Taiwanese actress, model, singer and author

This is a Chinese name; the family name is Chen. In the stage name, the surname is Kwan.

Terri Kwan (關穎 (Guan Ying); born 2 July 1976) is a Taiwanese actress, singer and socialite.

==Early life==
Kwan was born in Tokyo, Japan. Her father, Edward Chen Kuo-ho, the former chairman of Jih Sun Financial Holding, while her mother, Tsai Shu-yuan, is the daughter of Tsai Wan-chun, founder of the Lin Yuan Group.

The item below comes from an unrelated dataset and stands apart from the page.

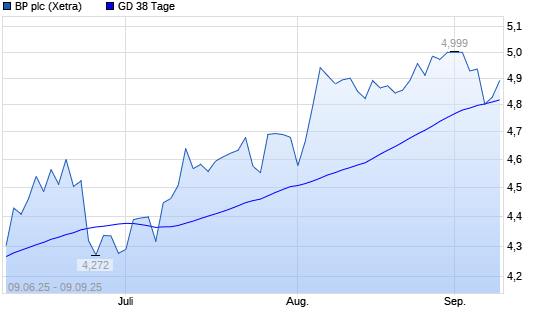 Mit dem Rücksetzer auf 4,80 EUR hat die BP-Aktie am 08.09.2025 die 38-Tage-Linie nach unten gekreuzt.Die BP-Aktie befindet sich seit dem 04.08.2025 im langfristigen Aufwärtstrend und hat ...weiterlesen
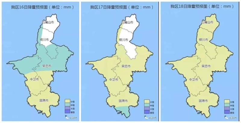 另据银川市气象台预报,预计未来一周,以多云天气为主。2月18日受一股冷空气影响,全银川有小雪,伴有4到5级偏北风,阵风7到8级。18日到19日平均气温较16日下降6度左右,最高气温16日到17日升至6度。19日到23日降至0度左右,最低气温18日在零下7度左右,19日到23日在零下9度左右。

Kwan moved from Japan to Taiwan at 5. She studied dancing at the University of the Arts in Philadelphia before graduating from New York University with a master's degree in arts administration.

==Career==
In 2001, Kwan began appearing in advertisements and endorsing numerous products, like Tobaby Hair Products and JC Sunglasses. In 2002, she had one of her first leading roles in the Taiwanese film Drop Me a Cat alongside Japanese actor Shinji Takeda. She has also played a part in the first Chinese-language Asian film ever from Warner Bros., Turn Left, Turn Right, as the supporting role of Ruby. For her role, she was nominated for the Best Supporting Actress award at the 40th Golden Horse Award.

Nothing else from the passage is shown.